To illustrate his point Kilbey shows a slide of four website homepages, and asks what is striking about them. The answer is that they are all the same light blue colour, with similar fonts and layouts. He then points out that they are the homepages of his four big competitors. Enrich’s website is a striking red.
“I show people this and they think it is the same website. This is largely driven by their parents, so is out of their control, but nobody is saying anything different. They are just saying we are a safe pair of hands and you can trust us. We have chosen red on purpose – to create a difference.”
Before the MBO the two businesses, Gissings Advisory Services and the pensions-based Gissings Consultancy Services ran as separate accounting entities under the same owner.

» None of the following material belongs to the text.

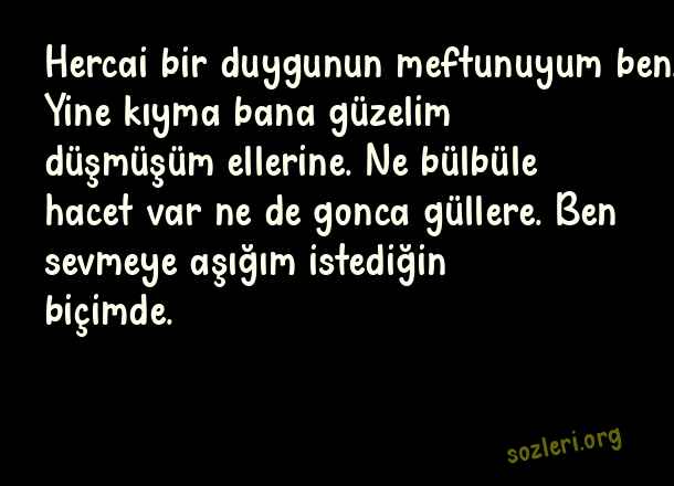 Hercai bir duygunun meftunuyum ben. Yine kıyma bana güzelim düşmüşüm ellerine. Ne bülbüle hacet var ne de gonca güllere. Ben sevmeye aşığım istediğin biçimde. ( Arabesk Aşk )

“It soon became clear that the healthcare business and flex needed their own focus so we demerged ran as a separate entity with the same owner, and then completed the management buyout (MBO) last November,” says Kilbey.
Since the £18m MBO, which was backed by Dunedin, the private equity house, business growth has been positive. “We had a record year this year, with revenue up 12 per cent. Profits are up too,” says Kilbey.
The firm still has the eight FTSE100 firms on its books it did a year ago, and has added another FTSE250 company since then, bringing the total up to 18.
“We were surprised because we thought the MBO would make it harder because it took management out of the structure for a year,” he says.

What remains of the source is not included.